As for the single-brand market, Affinity's complaint doesn't contain an elaborate Kodak/Newcal market definition, which would consist of a foremarket and an aftermarket. The term "aftermarket" comes up only once, and only in parentheses (in para. 119 of the complaint Apple is attacking):
"b. Whether there is an antitrust market (or submarket or aftermarket) for Tap and Pay iOS Mobile Wallets;" (emphasis added)
There is a bit of parallel between Affinity v. Apple and Epic Games v. Apple. In Epic's case, Judge YGR got the foremarket part completely--even absurdly--wrong and Epic also has very strong aftermarket arguments. In less than two weeks, the Ninth Circuit will hear Epic's appeal, and then we'll see. If Epic prevails on a single-brand market, Affinity will be in a much better position than now, so it would still have to overcome the hurdle that the transactions enabled by Apple Pay could also be done--even if less conveniently so--without any digital wallet, while the App Store is the only iOS app distribution method for almost all purposes and the alternative to Fortnite Mobile obviously isn't a console game (not even Judge YGR included console games in her market definition) or a non-interactive board game.

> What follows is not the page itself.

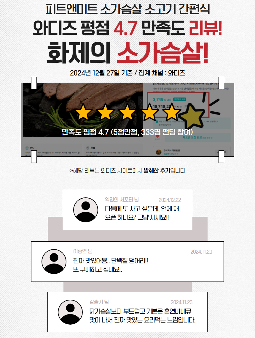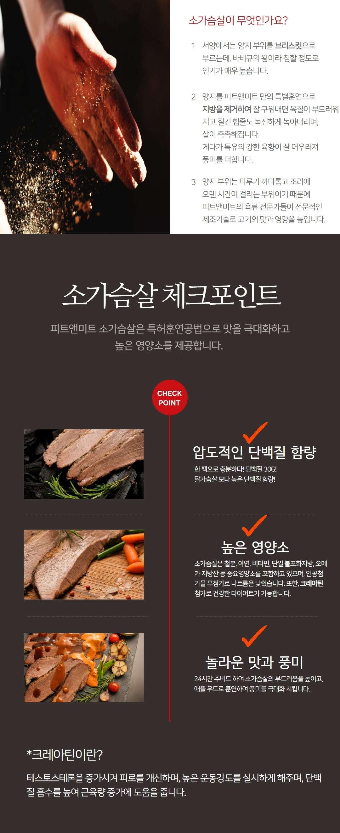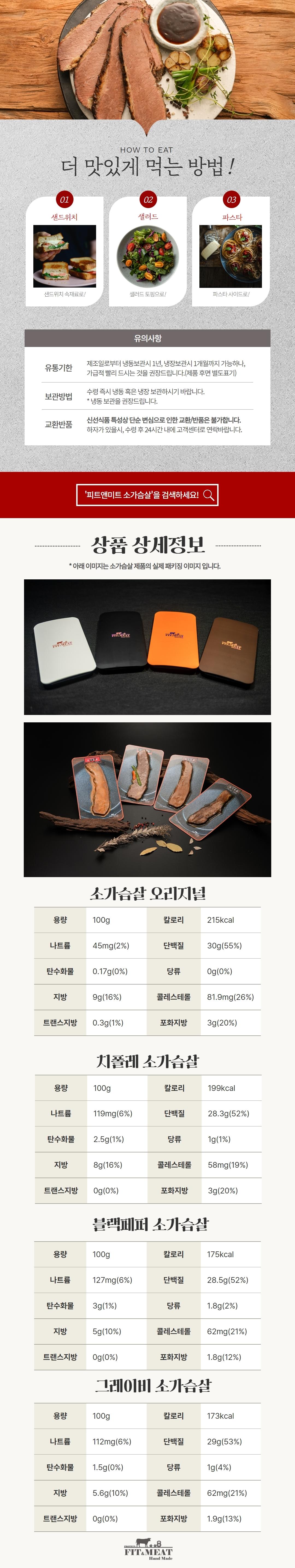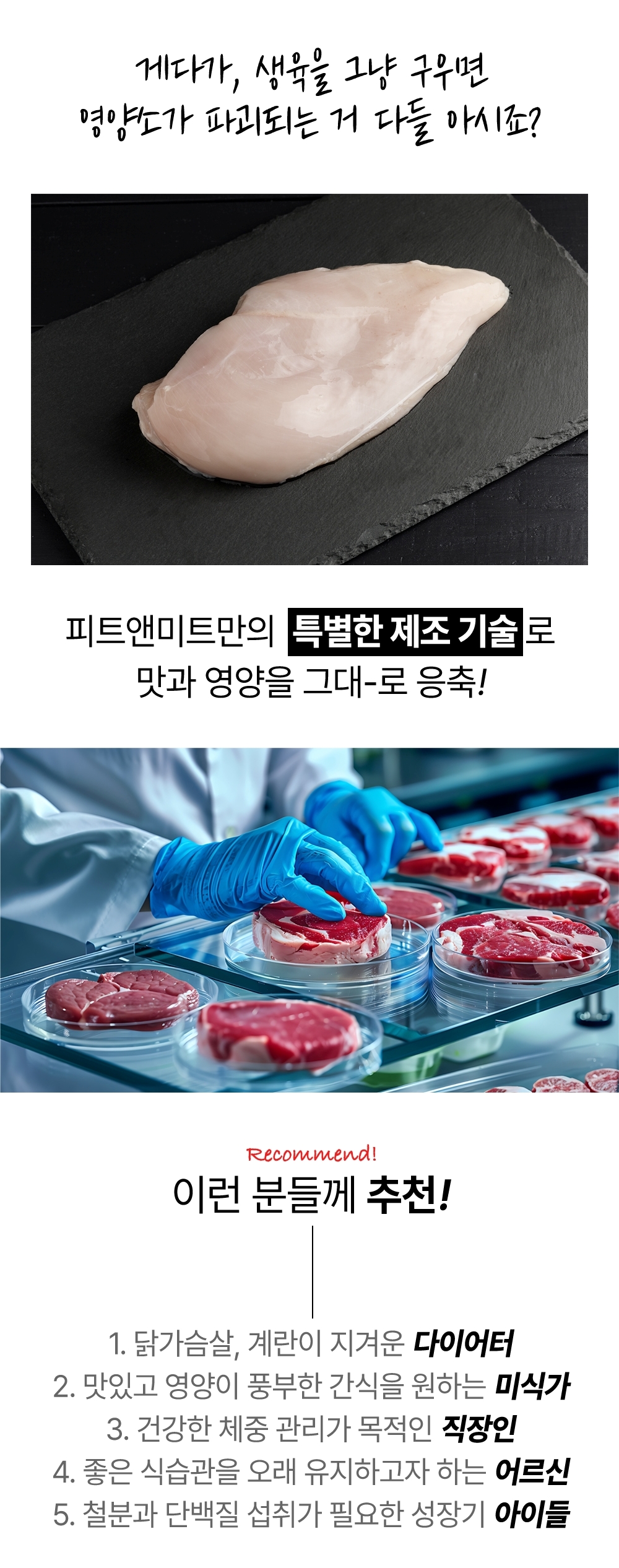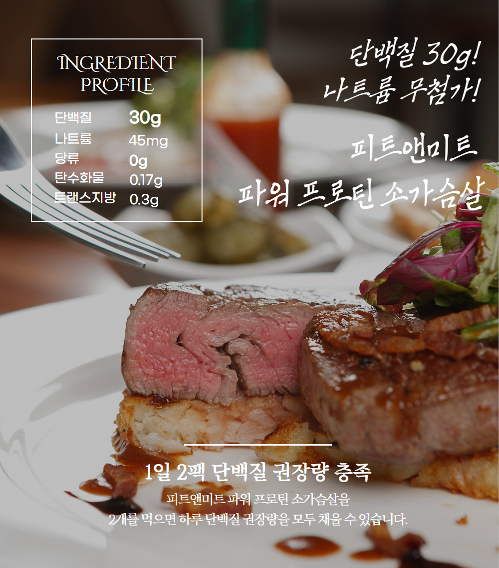 높은 단백질 함유량, 다양한 영양소, 낮은 칼로리와 나트륨을 보유하고 있는 피트앤미트 소가슴살은 닭가슴살이나 연어, 계란에 질리신 분들들에게 맛있고 건강한 식단을 제공합니다.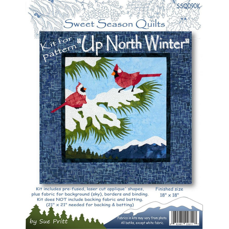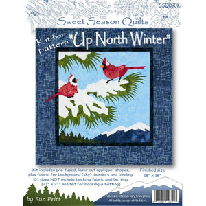 The Up North Winter Mini Quilt is designed by Sue Pritt. The Quilt Kit includes pre-fused applique shapes that have been laser cut and all fabrics for the background, borders, and binding. (Backing and batting sold separately.) Make your own festive wall quilt this Christmas; featuring cardinals on a snowy evergreen branch. The Up North WInter Quilt finishes to 18 inches square.

Another parallel relates to tying. Epic says Apple ties its own in-app payment system to the App Store, and that's true. Apple argues that since its in-app payments aren't available separately, there can be no tying claim. Here, again, the first question is how Epic's appeal will fare--and the second is then whether even if Epic succeeded, the credit card issuers still wouldn't win. Apple argues Apple Pay isn't a tie because users can opt not to activate it (like I said, I know that it is an option because I declined to exercise it)--and that Affinity and other credit card issuers lack standing because they aren't the ones forced to use Apple Pay.
Apple furthermore argues that what Affinity really complains of is a refusal to deal, but without being able to make an Aspen Skiing/Trinko kind of case as Apple never abandoned a profitable course: Apple Pay was always the only digital wallet on the iPhone. However, that is more like an attack on a strawman. The real battlefields here are market definition and tying. Let's see what the Ninth Circuit says at the October 21 Epic v. Apple hearing--and sometime thereafter we'll see the class action lawyers' opposition to Apple's motion, or--potentially--a motion to amend their complaint with a concomitant motion to declare the motion to dismiss moot.